I am single. I have been single for a YEAR and 2 MONTHS now. However, I must admit, I was dating, its just that nothing went beyond the first date though, because I am not impressed.
I guess my past relationships haven't been so great that I tend to run away or keep my distance when a man treats me like a QUEEN.
I am always wondering, does he want sex in return? or maybe even a relationship? Well, I've realized that there are some guys who are just sincere and would love to help a woman out when they see her in pain or a time of need.
I tend to freak out when I get close to a guy or when there is an instant immediate emotional connection. I feel like if its too perfect, then there MUST be something wrong.

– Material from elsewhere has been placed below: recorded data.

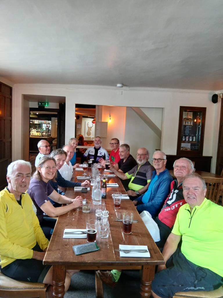 Reluctantly, we eventually had to leave, picking up a headwind on the way to Acton, then skirting the West side of Lavenham before arriving at the top of the aforementioned Hartest Hill and a fast plummet straight to the pub. Drinks outside, but too many wasps for us to eat in the immaculate garden. Instead, we tucked into sandwiches and beer inside whilst admiring the real linen napkins. A great day for a great ride.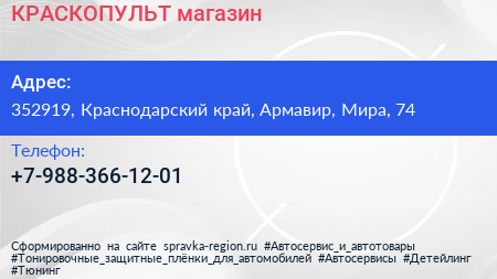 КРАСКОПУЛЬТ, магазин по адресу 352919, Краснодарский край, Армавир, Мира, 74 в дальнейшем Организация, размещена в следующих категориях: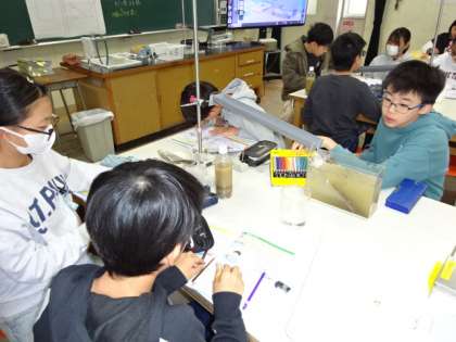 粒の大きさで水の中を運ばれる速度が違い、そのことで層ができていく様子を観察していました。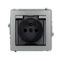 DECO Gniazdo bryzgoszczelne z/u (klapka dymna) srebrny metalik 7DGPB‑1zdp

With this mentality, I feel like I have let a lot of good men go.
There were so many men, who would give me the world, but I simply wasn't interested or the TIMING wasn't right. Such as, recent break up or finding out that you have been cheated and lied to.
I am not perfect. Nor am I a perfect girlfriend, but I do try my BEST. I am loyal, honest, loving, caring, smart, funny, crazy, hyper and outgoing.
A lot of people ask me why I am single. Now, my answer is I CHOOSE to BE.
Whatever happens....happens.
I just wish people stop pressuring me into relationships or setting me up on dates.
Like seriously, do I need a man to make me happy?
I don't think so.
I am happy.
Nonetheless, sharing my happiness with the opposite sex would make me happier.